- Organizations are challenged by constantly increasing amounts of health data as more connected and digital devices contribute data. The rate at which the data is growing is also causing healthcare data lakes to flood. Organizations need to resolve storage and analytics challenges to use the data collected in data lakes.
A data lake is a centralized repository that stores structured and unstructured data.
Structured data is data stored within fixed confines, such as a file. Structured data is easier to analyze and store because it has straightforward boundaries and is created and stored in a standardized format.
Patient demographic information, diagnosis and procedure codes, medication codes, and certain other data from the electronic health record are typically generated in a standardized, structured way. Traditional data warehouses are usually equipped to handle structured data.
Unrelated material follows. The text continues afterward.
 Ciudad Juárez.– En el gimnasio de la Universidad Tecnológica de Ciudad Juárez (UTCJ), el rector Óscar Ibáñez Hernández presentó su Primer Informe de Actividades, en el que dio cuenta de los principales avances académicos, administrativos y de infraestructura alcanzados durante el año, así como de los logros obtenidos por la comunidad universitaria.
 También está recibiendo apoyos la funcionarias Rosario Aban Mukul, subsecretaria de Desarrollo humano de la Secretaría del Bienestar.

Unstructured data does not have a standardized format and is not organized. Unstructured data comes from many different data sources and can contain images, numbers, and complex data sets.
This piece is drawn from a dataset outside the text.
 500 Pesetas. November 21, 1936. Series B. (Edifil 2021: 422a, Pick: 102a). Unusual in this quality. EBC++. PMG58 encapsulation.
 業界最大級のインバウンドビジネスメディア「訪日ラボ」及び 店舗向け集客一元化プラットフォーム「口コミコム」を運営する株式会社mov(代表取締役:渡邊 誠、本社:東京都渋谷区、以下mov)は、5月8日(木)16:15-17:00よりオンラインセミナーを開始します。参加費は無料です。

This unstructured data lives in the data lake and are often too vast to be retrieved conveniently or used for analytics.
Currently healthcare organizations are trying to implement ways to make better use of the data stored in data lakes. Different tools can sort through the data to make it more accessible and actionable. Utilizing tools such as Hadoop, object storage, and even blockchain can turn data lakes from storage dumps to active tools.
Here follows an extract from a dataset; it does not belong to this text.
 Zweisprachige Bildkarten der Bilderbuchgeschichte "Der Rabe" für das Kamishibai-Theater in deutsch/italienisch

Hadoop is an open-source distributed data storage and analytics application. Hadoop is not a data warehouse but acts as a software framework to handle structured and unstructured data.
Hadoop distributes large amounts of data to different processing nodes, then combines the collected results. This approach allows data to be processed faster, since the system is working with smaller batches of localized data instead of the contents of the entire warehouse.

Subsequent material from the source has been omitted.